* [Data records]:
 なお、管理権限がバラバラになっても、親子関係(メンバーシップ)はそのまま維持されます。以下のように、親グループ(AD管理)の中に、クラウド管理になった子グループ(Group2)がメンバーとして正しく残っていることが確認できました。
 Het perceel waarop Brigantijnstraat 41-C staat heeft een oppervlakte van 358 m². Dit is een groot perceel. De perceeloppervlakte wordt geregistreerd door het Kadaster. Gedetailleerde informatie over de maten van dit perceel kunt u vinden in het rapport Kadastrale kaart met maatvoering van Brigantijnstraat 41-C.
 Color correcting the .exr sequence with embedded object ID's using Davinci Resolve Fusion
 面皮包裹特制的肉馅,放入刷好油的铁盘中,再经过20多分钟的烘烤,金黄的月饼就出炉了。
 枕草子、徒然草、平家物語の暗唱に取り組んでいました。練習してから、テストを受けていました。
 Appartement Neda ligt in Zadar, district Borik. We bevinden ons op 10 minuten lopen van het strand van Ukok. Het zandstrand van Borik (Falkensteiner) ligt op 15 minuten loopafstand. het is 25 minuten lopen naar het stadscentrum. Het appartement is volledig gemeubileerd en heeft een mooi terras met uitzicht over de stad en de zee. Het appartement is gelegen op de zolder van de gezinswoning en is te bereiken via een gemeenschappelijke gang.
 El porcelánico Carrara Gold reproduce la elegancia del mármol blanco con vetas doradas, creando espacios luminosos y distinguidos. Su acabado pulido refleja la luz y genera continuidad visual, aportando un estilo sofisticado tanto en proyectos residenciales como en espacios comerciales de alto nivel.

* [What to do]: Whenever the word "over" occurs in a line of the records, that line counts toward the total; state the total only.

* [Exercise response]: 2